To see where A can get to via B (C or otherwise), we can multiply the A -> B bit (m[0;1]) by B's row (m[1]):
m[0;1]
1
m[1]
0 0 1
m[0;1] * m[1] / multiplies all of B's row by the "A -> B" bit
0 0 1
To see where A can get to in two hops (via anywhere), we need to do this check for all of A's bits, and all 'intermediary' hops. If a 1 appears in a column, that means there is at least one way that A can get to that place indirectly.
(m[0;0] * m[0]; m[0;1] * m[1]; m[0;2] * m[2])
0 0 0
0 0 1
0 0 0
We can do that 'is 1 in the column?' check by doing an element-wise max (|):
(m[0;0] * m[0]) | (m[0;1] * m[1]) | (m[0;2] * m[2])
0 0 1
Or more concisely, using 'max-over' (|/) instead of inserting the max verbs in between manually:
|/ (m[0;0] * m[0]; m[0;1] * m[1]; m[0;2] * m[2])
0 0 1
Or more concisely, as a function:
|/ {m[0;x] * m[x]} 0 1 2
0 0 1
Or more concisely, by exploiting the fact that multiplication in k is element-wise:
m[0] * m
0 0 0 / 0 * 0 1 0
0 0 1 / 1 * 0 0 1
0 0 0 / 0 * 0 0 0
|/ m[0] * m
0 0 1
So that's everywhere A can get in two hops. If we want to see where each node can get to in two hops, we need to run this for each m[x] on the left. So we can use 'each-left', which has the form x v\ y where v is a verb like *. (I'm going to tweak the appearance of k9's output slightly.)
m *\ m
0 0 0
0 0 1
0 0 0
0 0 0
0 0 0
0 0 0
0 0 0
0 0 0
0 0 0
As before, we can compress this down using |/, but this time we need to apply it to each 3x3 matrix:
|/' m *\ m
0 0 1
0 0 0
0 0 0
We can also write this as:
m (|/*)\ m
0 0 1
0 0 0
0 0 0
Now in doing this calc, we lost info about where each node can get to in one hop. We can either add that back in using max:
m | m (|/*)\ m
0 1 1 / OK! A can get to B and C
0 0 1 / B can only get to C
0 0 0 / C still can't get to anything
Or we can assume each node can 'hop' to itself, so the 'one hop' routes don't get wiped out by the 'two hops' computation:
m: (1 1 0; 0 1 1;0 0 1)
m (|/*)\ m
1 1 1
0 1 1
0 0 1
That was a pretty easy example, so let's make a more complex network to see how performs. Let's assume all nodes can get to themselves directly, and also that:
- A -> B
- B -> C and D
- D -> E
In other words:
m:(1 1 0 0 0;0 1 1 1 0;0 0 1 0 0;0 0 0 1 1;0 0 0 0 1)
m
1 1 0 0 0
0 1 1 1 0
0 0 1 0 0
0 0 0 1 1
0 0 0 0 1
/ Or if we're lazy, we can tweak an identity matrix (updated via leprechaun1066 - thanks!):
/ https://www.reddit.com/r/apljk/comments/f0m5ff/transitive_closure_in_k/fgvblq2/
.[;;:;1]/({x=\x}@!5;0 1;1 2;1 3)
1 1 0 0 0
0 1 1 1 0
0 0 1 0 0
0 0 0 1 0
0 0 0 0 1
And let's apply our process from before:
m:(1 1 0 0 0;0 1 1 1 0;0 0 1 0 0;0 0 0 1 1;0 0 0 0 1)
m (|/*)\ m
1 1 1 1 0
0 1 1 1 1
0 0 1 0 0
0 0 0 1 1
0 0 0 0 1
We can now see that A can get to C and D (because B can get to them directly), and that B can get to E (because D can get to E directly).

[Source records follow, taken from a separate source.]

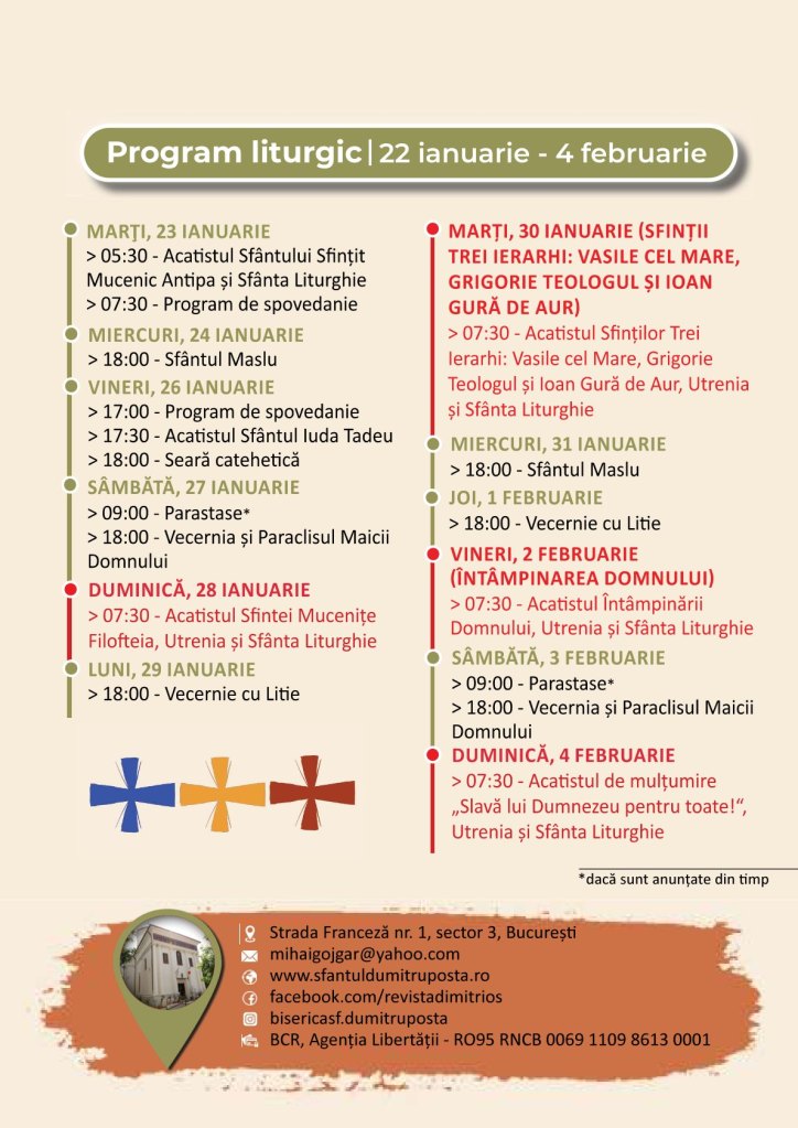 Program liturgic 22 ianuarie – 4 februarie 2024 Pe 21/01/2024 De Sf. Dumitru PoştăÎn Uncategorized Partajează asta: Dă clic pentru a partaja pe X(Se deschide într-o fereastră nouă) X Dă clic pentru a partaja pe Facebook(Se deschide într-o fereastră nouă) Facebook Apreciază Încarc... Similare
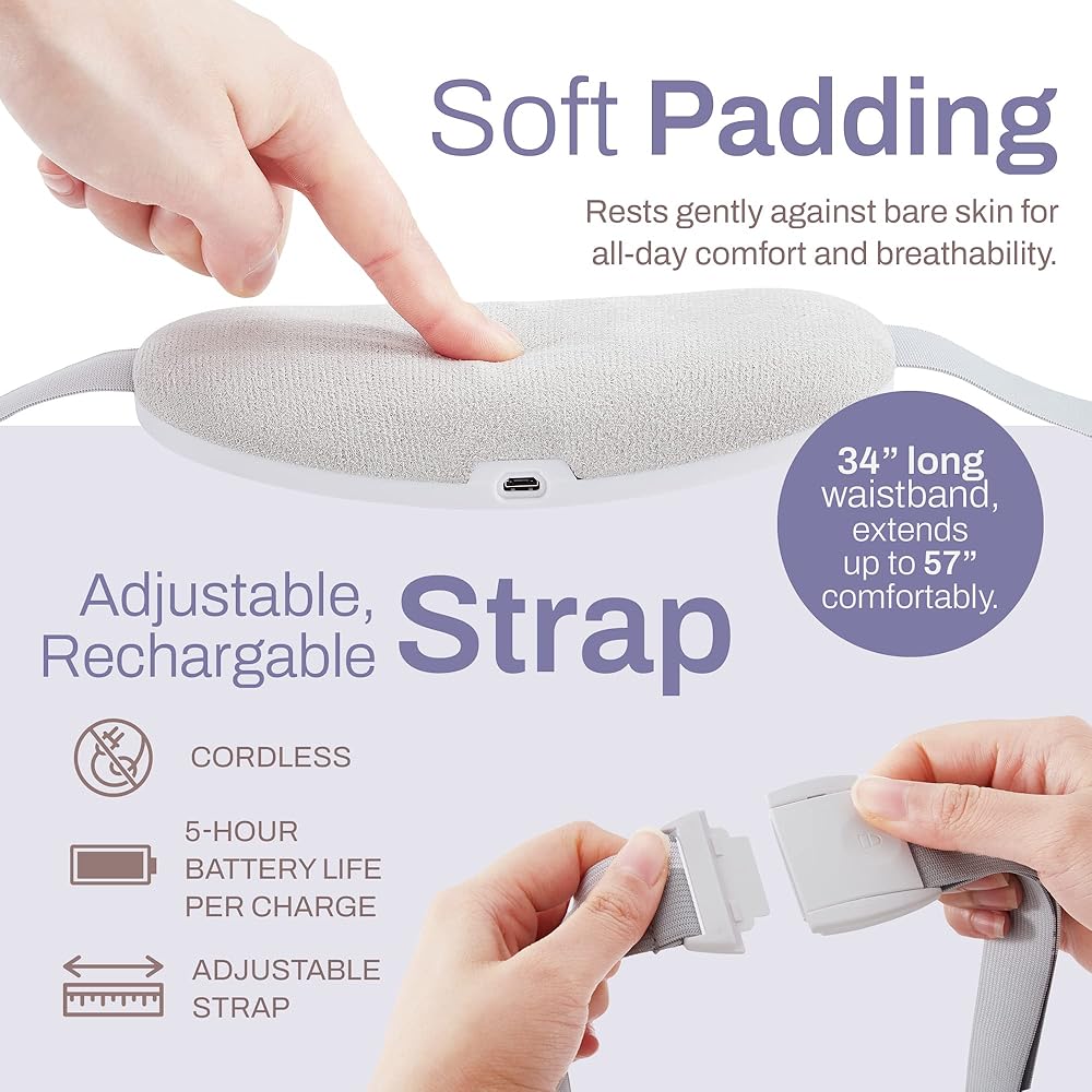 Relieve abdominal pain, alleviate period cramping, and reduce dysmenorrhea with our new & improved cordless heating pad. With a hollow design and wearable belt, this rechargeable pad comfortably fits your body's natural curvature, delivering targeted heating to affected areas for immediate therapeutic relief. Perfect for women of all different shapes and body types, with silky-soft deer velvet fabric and padding, it rests gently against bare skin for all-day comfort and breathability.
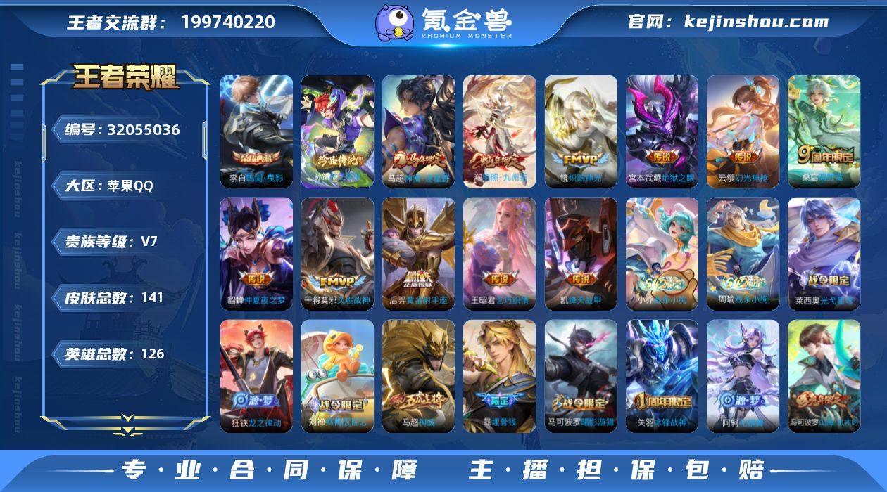 金色仲夏夜之梦 实名: 可修改 贵族等级: V7 英雄数: 126 皮肤数: 141 荣耀水晶: 鸣剑·曳影 珍品传说: 时之奇旅-孙策 传说皮: 黄金射手座,绛天战甲,久胜战神,炽阳神光,仲夏夜之梦,地狱之眼,乞巧织情,幻光神枪,神骥·逐星野 限定皮: 冰锋战神,神威,神器·万象笔,山海·玄木吟,鸣野蒿,愿照·九州拓

We know A should be able to get to E in three hops (via B and D). We can see this if we apply our process twice; so let's do that by wrapping up the process in a function, f, and applying it twice:
f: {x (|/*)\ x}
f@m
1 1 1 1 0
0 1 1 1 1
0 0 1 0 0
0 0 0 1 1
0 0 0 0 1
f@f@m
1 1 1 1 1 <- top right bit changed!
0 1 1 1 1
0 0 1 0 0
0 0 0 1 1
0 0 0 0 1
Instead of explicitly applying the function twice, we can apply it repeatedly until the output stops changing using 'fixedpoint-over', /::
f/:m
1 1 1 1 1
0 1 1 1 1
0 0 1 0 0
0 0 0 1 1
0 0 0 0 1
And that result is the transitive closure.
- What about for sparse graphs?
- Connection to matrix multiplication?
- https://www.jsoftware.com/papers/tot.htm 3.4 directed graphs
- https://www.jsoftware.com/papers/50/
- https://dfns.dyalog.com/n_Graphs.htm
- https://github.com/quantbin/kdb/blob/master/kdb-flex-integration/kui/src/qidioms.txt
- https://www.jsoftware.com/papers/50/50_35.htm [via gitonthescene - thanks!]
Nice write-up! So ∨.∧ is APL and this is how you'd implement transitive closure in k9? I.e. this is more about transitive closures than the ∨.∧ trick. Am I understanding this right?